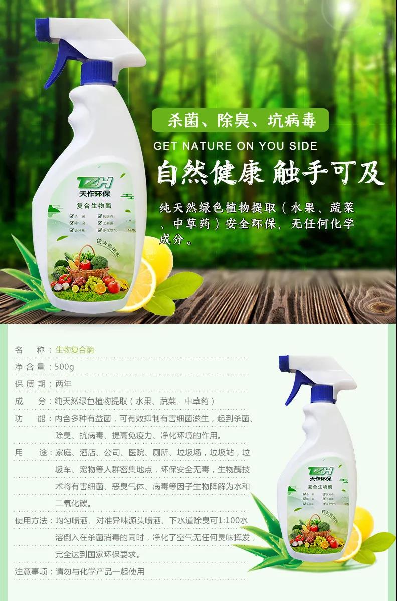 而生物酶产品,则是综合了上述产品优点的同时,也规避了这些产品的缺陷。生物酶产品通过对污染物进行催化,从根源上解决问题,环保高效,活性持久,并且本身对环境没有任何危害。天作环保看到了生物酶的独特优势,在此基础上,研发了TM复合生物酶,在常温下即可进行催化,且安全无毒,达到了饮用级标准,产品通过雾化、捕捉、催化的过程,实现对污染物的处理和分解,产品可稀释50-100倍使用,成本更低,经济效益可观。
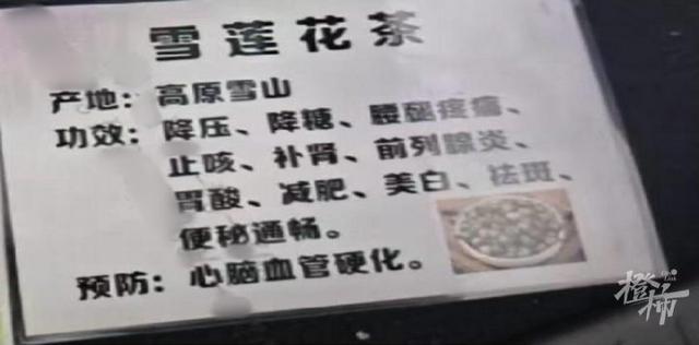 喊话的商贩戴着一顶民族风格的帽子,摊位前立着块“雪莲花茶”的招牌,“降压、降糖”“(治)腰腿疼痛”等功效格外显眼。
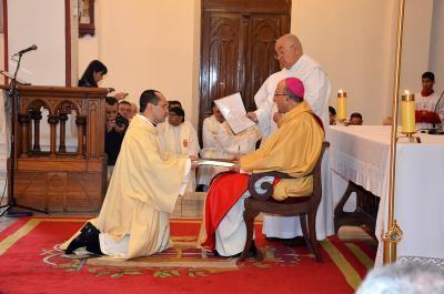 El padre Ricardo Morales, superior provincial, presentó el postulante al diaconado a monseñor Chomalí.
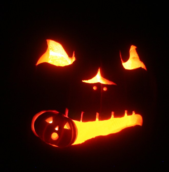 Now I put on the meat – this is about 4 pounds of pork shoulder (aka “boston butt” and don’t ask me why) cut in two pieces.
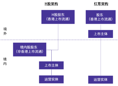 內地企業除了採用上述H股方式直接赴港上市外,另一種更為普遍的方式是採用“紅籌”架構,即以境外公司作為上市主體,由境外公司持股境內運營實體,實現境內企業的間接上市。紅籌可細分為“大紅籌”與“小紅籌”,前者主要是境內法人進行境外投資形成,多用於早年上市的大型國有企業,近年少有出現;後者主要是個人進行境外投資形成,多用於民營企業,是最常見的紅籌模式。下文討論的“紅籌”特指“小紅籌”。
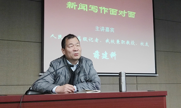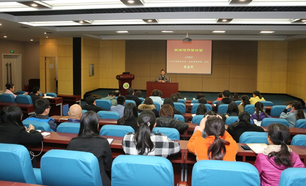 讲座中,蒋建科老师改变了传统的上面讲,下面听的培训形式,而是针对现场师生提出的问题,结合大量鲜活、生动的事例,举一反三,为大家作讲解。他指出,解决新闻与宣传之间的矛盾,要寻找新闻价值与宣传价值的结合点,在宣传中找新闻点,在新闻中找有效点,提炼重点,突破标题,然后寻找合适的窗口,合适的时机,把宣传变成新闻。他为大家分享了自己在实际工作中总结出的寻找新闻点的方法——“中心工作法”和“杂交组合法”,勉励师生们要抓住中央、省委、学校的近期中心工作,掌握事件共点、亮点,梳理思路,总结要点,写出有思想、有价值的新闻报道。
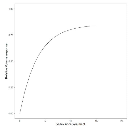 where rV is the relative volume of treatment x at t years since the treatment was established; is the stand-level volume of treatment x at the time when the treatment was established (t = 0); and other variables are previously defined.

· · ·

#### Exercise prompt:
Down to the last line, print the material exactly, but not its pictures.

#### Answer to the problem:
 而生物酶产品,则是综合了上述产品优点的同时,也规避了这些产品的缺陷。生物酶产品通过对污染物进行催化,从根源上解决问题,环保高效,活性持久,并且本身对环境没有任何危害。天作环保看到了生物酶的独特优势,在此基础上,研发了TM复合生物酶,在常温下即可进行催化,且安全无毒,达到了饮用级标准,产品通过雾化、捕捉、催化的过程,实现对污染物的处理和分解,产品可稀释50-100倍使用,成本更低,经济效益可观。
 喊话的商贩戴着一顶民族风格的帽子,摊位前立着块“雪莲花茶”的招牌,“降压、降糖”“(治)腰腿疼痛”等功效格外显眼。
 El padre Ricardo Morales, superior provincial, presentó el postulante al diaconado a monseñor Chomalí.
 Now I put on the meat – this is about 4 pounds of pork shoulder (aka “boston butt” and don’t ask me why) cut in two pieces.
 內地企業除了採用上述H股方式直接赴港上市外,另一種更為普遍的方式是採用“紅籌”架構,即以境外公司作為上市主體,由境外公司持股境內運營實體,實現境內企業的間接上市。紅籌可細分為“大紅籌”與“小紅籌”,前者主要是境內法人進行境外投資形成,多用於早年上市的大型國有企業,近年少有出現;後者主要是個人進行境外投資形成,多用於民營企業,是最常見的紅籌模式。下文討論的“紅籌”特指“小紅籌”。
 讲座中,蒋建科老师改变了传统的上面讲,下面听的培训形式,而是针对现场师生提出的问题,结合大量鲜活、生动的事例,举一反三,为大家作讲解。他指出,解决新闻与宣传之间的矛盾,要寻找新闻价值与宣传价值的结合点,在宣传中找新闻点,在新闻中找有效点,提炼重点,突破标题,然后寻找合适的窗口,合适的时机,把宣传变成新闻。他为大家分享了自己在实际工作中总结出的寻找新闻点的方法——“中心工作法”和“杂交组合法”,勉励师生们要抓住中央、省委、学校的近期中心工作,掌握事件共点、亮点,梳理思路,总结要点,写出有思想、有价值的新闻报道。
 where rV is the relative volume of treatment x at t years since the treatment was established; is the stand-level volume of treatment x at the time when the treatment was established (t = 0); and other variables are previously defined.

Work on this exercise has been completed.